Do you have any information on skills you've found useful here?

kergonath 42 days ago

Not really, unfortunately. I took some inspiration from existing skills, mostly in the official GitHub repo https://github.com/agentskills/ . But mostly I had to come up with them myself. I try to use Claude to help but it was not that useful.

kajman 44 days ago

I hope the only reason people are pretending these markdown suggestions are a "workflow" is fear that a more structured approach will be obsolete by the time it's polished. I can't imagine the pace of innovation with the underlying models will stay like this forever.

I hope to see harnesses that will demand instead of ask. Kill an agent that was asked to be in plan mode but did not play the prescribed planning game. Even if it's not perfect, it'd have to better than the current regime when combined with a human in the loop.

raincole 44 days ago

Don't let the perfect be the enemy of the good. Of course we know the AGENTS.md and skills aren't 100% effective. But no, it doesn't mean that they're 0% effective.

peterbell_nyc 43 days ago

Helps if you both hand to original agent as strong guidance and then to an adversarial agent as a quality reviewer. The adversarial agent is more likely tro loop the work back if it fails the validation criteria.
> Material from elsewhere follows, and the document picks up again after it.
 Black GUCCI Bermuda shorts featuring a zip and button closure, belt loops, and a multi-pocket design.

I do find that just asking the same agent to do and check it's own work is not particularly reliable.

moomin 43 days ago

This is like saying a +5 sword is useless because you still miss on a one. We’ve got to think about expected outcomes. Because if ahe’s merging five solid PRs to your three, loudly complaining about the one she saw was rubbish and threw away.

chaostheory 44 days ago

I can see why this would seem to be “snake oil” logically. However, this approach does work in reality. Your comment just shows that you seem inexperienced with using generative AI.

Chris2048 43 days ago

> That leaves only one option not reliable but more reliable nevertheless: Human review and oversight.
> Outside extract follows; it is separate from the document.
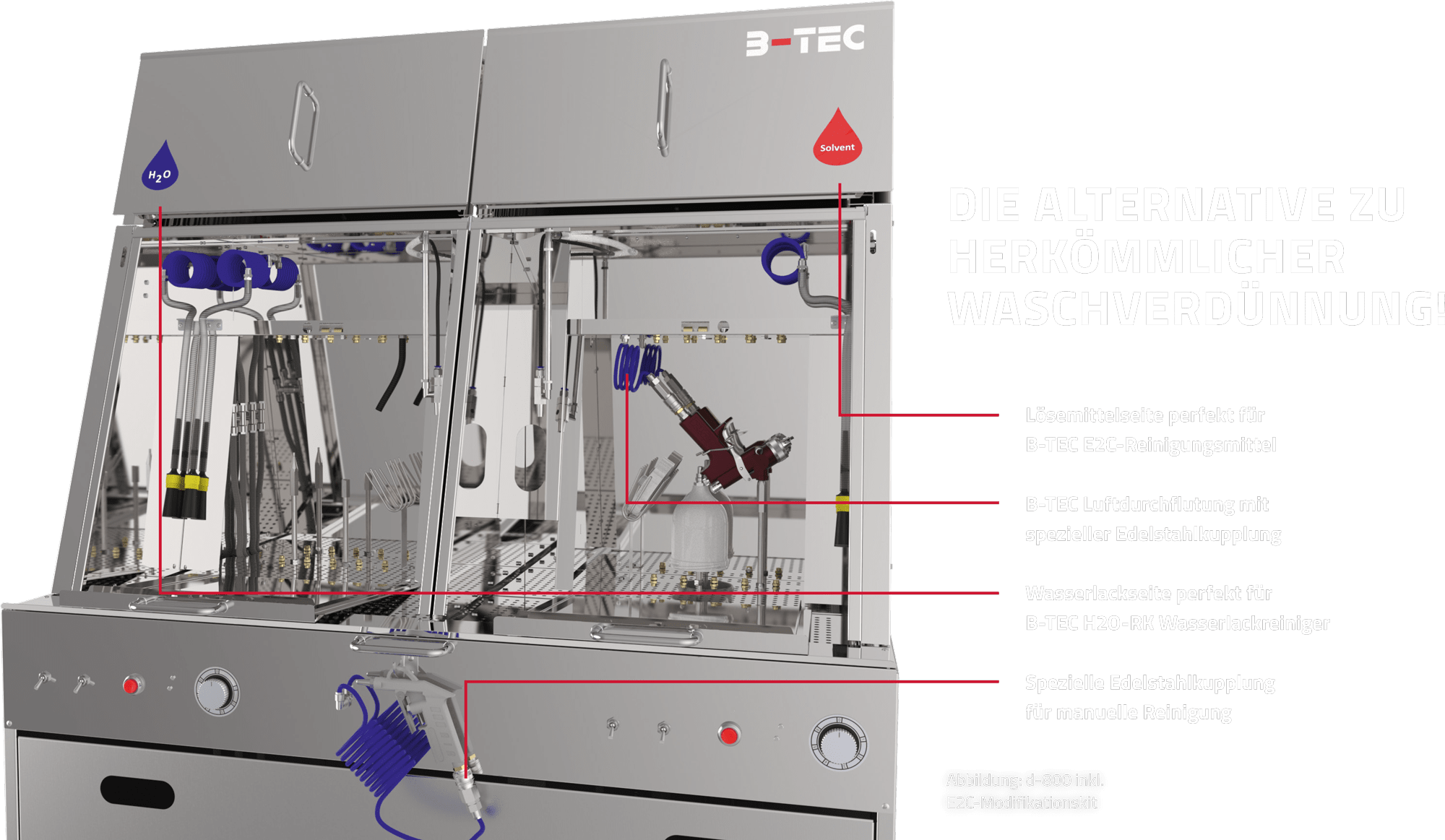 Bei Einsatz beider Lackarten können in den B-TEC Waschgerätekombinationen d-800 und SUMO die beiden Reinigungsmittel B-TEC E2C für Lösemittel und B-TEC H2O-RK für Wasserlacke miteinander kombiniert werden. Durch die Trennung von lösemittel- und wasserbasierten Lacken geht man nicht nur keine Kompromisse bei der Reinigungsleistung ein, sondern erreicht auch ein kostengünstigeres Gesamtkonzept für die Reinigung der Lackierpistolen.

Couldn't non-manual oversight also help e.g. sandboxes?

vdelpuerto 42 days ago

Agree. Human review and iteration. Hooks to gate certain decisions you dont want to happen again, like functional scars.

SubiculumCode 43 days ago

All these points apply to human devs as well. The test is not infallibility but magnitude

j16sdiz 43 days ago

A slot machine isn't snake oil.

Slot machine give you rewards when star aligns, snake oil never do :)

blitzar 44 days ago

All this said, I quite like the mental model of documenting a simple process, and I suspect our future ai overlords will find it useful that I have a series of md files that outline my preferences and processes for certain tasks.

I am not however going to share any of this with work colleagues and make myself redundant.